= Julia Sorrell =

British artist (born 1955)

Julia Sorrell (born 4 August 1955, in Westcliff-on-Sea, Essex) is a British artist known for her portraits and imaginative drawings and paintings using figures and natural forms such as wood, shells, rock and plants using a range of media from pencil, charcoal, pen & ink, pastel, watercolour and oil. She lives in Oxfordshire and exhibits in London at the Mall Galleries as a member of the Royal Institute of Painters in Water Colours.

==Early life==
Sorrell was born in Westcliff-on-Sea, Essex, the daughter of the artist Alan Sorrell (1904–1974) and the watercolourist Elizabeth Sorrell (1916–1991). She grew up in a converted chapel in Daws Heath, southeast Essex, surrounded by trees and woodlands which were to be an inspiration for her later work.

==Career==
She studied textiles and embroidery under Constance Howard MBE at Goldsmiths' College (1973–6) who purchased her work to use as examples in talks and publications. She was taught drawing by Betty Swanwick RA (who was to produce the artwork for albums by rock group Genesis), and she sold her first work at the Royal Academy Summer Exhibition at the age of 19. Following the death of her father, she turned more towards drawing and painting, and gained a place at the Royal Academy of Arts(1978–81). Whilst a student there her self-portrait gained second prize in the first National Portrait Gallery Portrait Award, 1980, now known as the BP Portrait Award. This led to a series of portrait commissions including one from the National Portrait Gallery to paint Michael Ramsey, the ex-Archbishop of Canterbury. Her letters describing this experience were borrowed by Michael Ramsey's biographer Owen Chadwick who then passed them on to the library of Lambeth Palace.

In the 1990s she exhibited at the Maas Gallery with the dealer Rupert Maas, and had a series of paintings purchased by the collector Professor Philip Rieff which were then exhibited at the Philadelphia Museum of Art in 1996. A decade later she was exhibiting with Waterhouse and Dodd, Cork Street.

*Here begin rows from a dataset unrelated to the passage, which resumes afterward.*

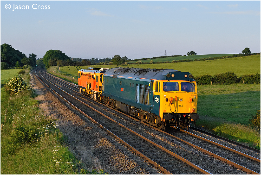 In the last dregs of light, 50007 'Hercules' makes a fine sight passing Rearsby with a 6Z25 1903 Ely Reception Sidings to Washwood Heath. Date: 23 June 2015 Manipulation Notes: None Camera mounted on a tall pole and remotely fired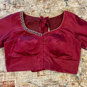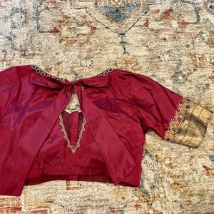 Custom made red silk choli blouse. Perfect to pair with a saree or lehenga. Hand sewn maggam work in royal blue and gold. Sleeves hit just above the elbow and are trimmed in gold. Opens to the front with hook closures. Bust pads sewn in. Stunning custom designed back with keyhole and large bow that ties at the top. Will fit bust size 38-40C or size XL in Indian women's clothing.
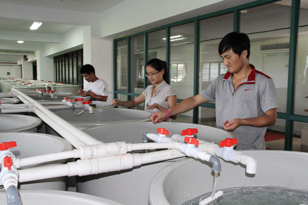 這是在“浙江省水生生物資源養(yǎng)護(hù)與開(kāi)發(fā)技術(shù)研究重點(diǎn)實(shí)驗(yàn)室”,吳成龍博士和正在做實(shí)驗(yàn)的大二水產(chǎn)養(yǎng)殖專業(yè)學(xué)生劉鈺珠的一段對(duì)話。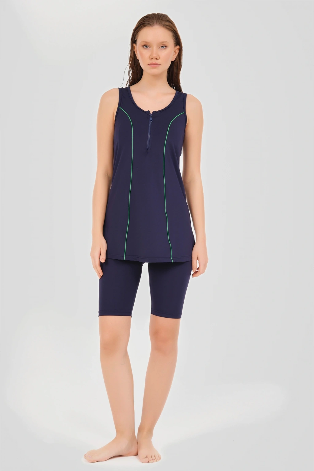 Spor Biye Detaylı Askılı Yarı Kapalı Mayo Zarif ve konforlu bu yarı kapalı mayo, suyun içinde mükemmel uyum ve hareket özgürlüğü sunan esnek likralı kumaş ile tasarlanmıştır. ; Canlı renkler ile her yaş ve bedene uygun bir görünüm sağlar. ; Tanım Su itici . ; Suyu iten apreli likra kumaş. ; Üst biye süslemeli. ; Askılı. ; Yuvarlak yaka. ; Bone. ; Kısa tayt. ; Tek parça iç çamaşır. ; Paket İçeriği Üst, Tayt, Bone, Tek parça iç çamaşırı olmak üzere 4 parçadan oluşmaktadır. ; Hızlı kuruma, kolay yüzme olanağı sağlar. ; Kumaş İçeriği %95 Poliester, %5 Elastan, Su itici apre uygulanmıştır.;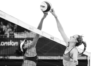 8月8日,在女子沙滩排球半决赛中,中国选手薛晨/张希以0:2不敌美国选手沃尔什/梅·特雷纳,无缘决赛。 图为中国选手薛晨(左)、美国选手沃尔什在比赛中。 新华社发

She was elected a member of the Royal Institute of Painters in Water Colours in 2008, the Royal Society of British Artists in 2009, and the Norwich Twenty Group in 2010. In 2015 she was awarded the first TravelArt Award from the ACE Foundation ACE Cultural Tours, and asked to go to Orkney to produce an exhibition of work under the title: “Wild and Ancient Orkney”. The work concentrated on the coastal landscape features and archaeology, and was exhibited first at Abbott and Holder, in London (2016), and then at the McDonald Institute for Archaeological Research, Cambridge. For the final exhibition at Stapleford Granary, Cambridge ACE Cultural Tours, Julia produced her unique over 2m tall hand-embroidered sculpture “Reverence” using hand spun Orkney wool. Her work is also in the collections of the Beecroft Art Gallery, the Chelmsford Museum, Reading Museum, New Hall Art Collection and Laporte plc.

Her work is in the collections of the Beecroft Art Gallery, the Chelmsford Museum, Reading Museum, New Hall Art Collection, Laporte plc, The ACE Foundation at Stapleford Granary, Cambridge ACE Cultural Tours, The McDonald Institute for Archaeological Research, Cambridge and Clare Hall, Cambridge.

==Writings==
She has written articles frequently about her own work and that of her father Alan Sorrell for The Artist, British Archaeology Magazine, Current Archaeology, Minerva (archaeology magazine), and Antiquity (journal). In 2014 she was commissioned by Oxbow Books, to write a biography of her father Alan Sorrell.